11/06/202008:57(Xem: 775)
23. Our Duties Towards Others

OUR DUTIES TOWARDS OTHERS

Venerable Sumangalo

It is so easy for us to think of our duties to ourselves and also of our rights. It is quite true that we have duties to ourselves and we also have rights. But if we allow ourselves to centre our thoughts on self, then we have overlooked something that is very important in the Buddhist way of life, and that is our duty to others.

No one can ever be truly happy who thinks only of himself, of his own needs and wants, his own likes and dislikes and his own pleasures. Each of us has duties towards our friends, associates, and to all living beings everywhere.

In modern times we hear a great deal about co-operation. The Chinese have a very expressive way of stating the idea of co-operation. It is “pulling together”. To be self-centred is to pull away from others. Most of the good things in life can be had more easily by all of us if there is more and more pulling together.

Our Buddhist religion teaches us that selfishness is a poison. If we seek only our own personal happiness, then we are pulling against ourselves. A man may gain riches, power and fame, but they are not sure guarantees of happiness. There is a very beautiful word which is the same in both Sanskrit and Pali, Mudita, meaning the joy we find in the joy of others. A person who is glad that others are happy has an unselfish heart and such a person, whether child or grown-up is good at “pulling together”. Envy at the sight of others’ happiness is a sure sign of selfishness.

While we are still young, we ought to start learning the importance of group-effort, of “pulling together”, in order to bring about the well-being and happiness of all. Being a member of a Buddhist Dharma school is a good way to learn how to get along well with others and to “pull together.” When we are older we ought to join a Buddhist Association and take part in as many of its activities as possible.
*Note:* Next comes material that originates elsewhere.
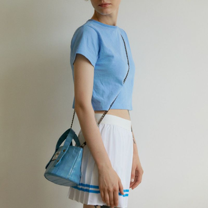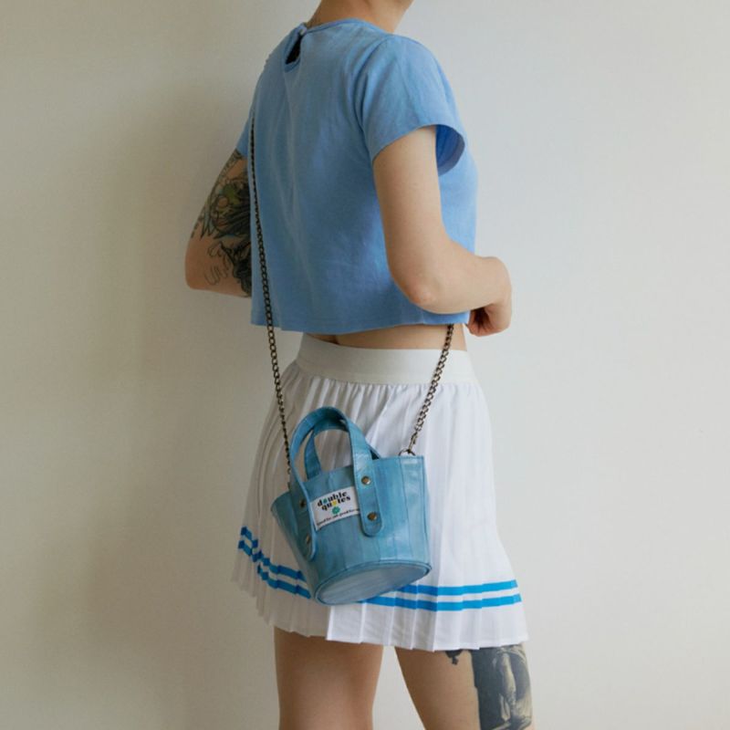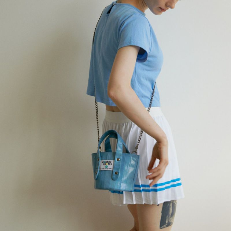 普段は小さなハンドバッグですが、メタルチェーンストラップを繋げればショルダーバッグにもなります。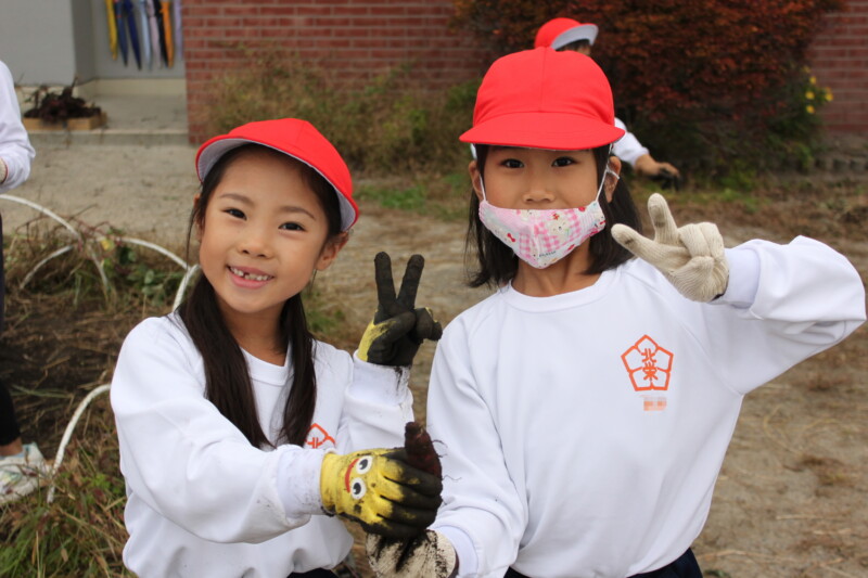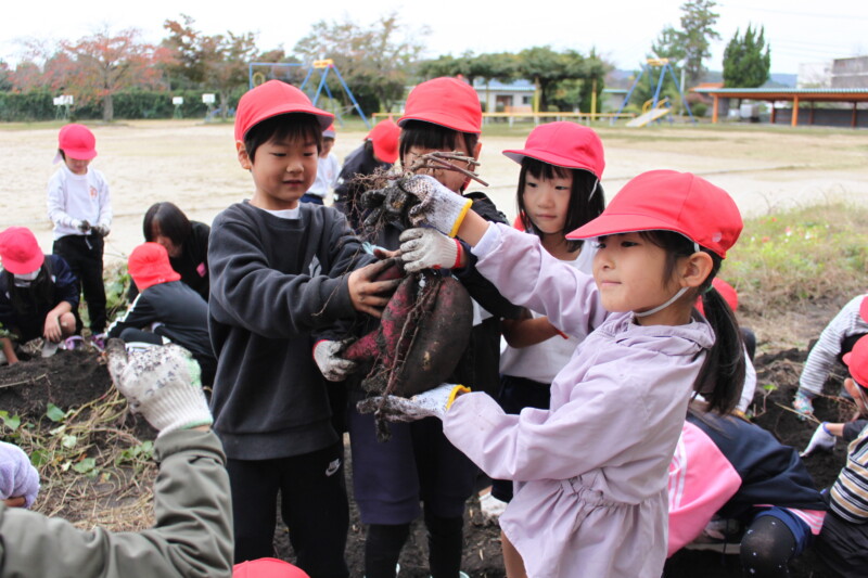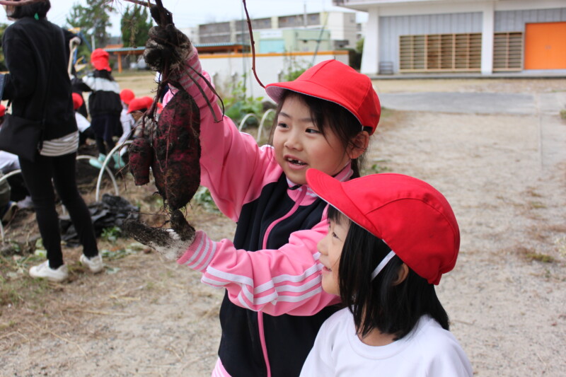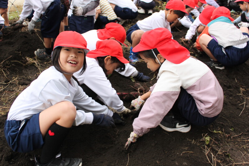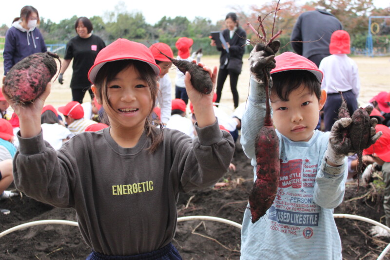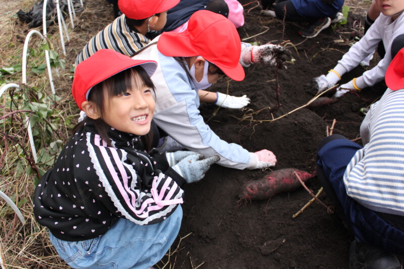「こんなに大きいのがとれたよ!」「見て、たくさん出てきた!」 あちこちから歓声があがり、笑顔いっぱいの芋ほりになりました。土の感触やサツマイモの重みを感じながら、夢中になって収穫する姿はとてもほほえましく、自然とふれあう楽しさを全身で味わっているようでした。

We must never make the mistake of believing that anyone who thinks only of himself and keeps to himself, can find real happiness.

 

THE ONENESS OF LIFE

O Heart of all the world
You beat as one,
All suffer pain and loss
When evil’s done.

Think not, oh, lordly man
To stand alone,
Harm but the weakest life
And all atone.

Creatures that walk or run,
Fly, swim or crawl,
Hurt to the least of them
Is hurt to all.

By his deeds, good or ill,
Each seals his fate,
Strive to help, heal and bless
Early and late.

Oh, wondrous Soul of Things
You too, are One
All will be merged in Thee
When peace is won.

Life’s troublous ocean crossed,
Enfranchised free,
Those who have reached Life’s goal
Are One with Thee

                                               -Geraldine E. Lyster.

 

QUESTIONS

  1. Is it easier to think of ourselves or of others?
  2. Do we have duties to ourselves and also to others?
  3. What are some duties we have to ourselves?
  4. What are some duties we have to others?
  5. Can a selfish person be really happy?
  6. What is the Chinese way of saying Co-operation?
  7. When is the best time to learn to “pull together”?
  8. When we are grown-ups, what are some good ways of “pulling together”?
  9. If we bring other children to the Dharma school, is that doing a duty to others?
  10. What is the best way we can work together to make a bigger, happier and better Dharma school?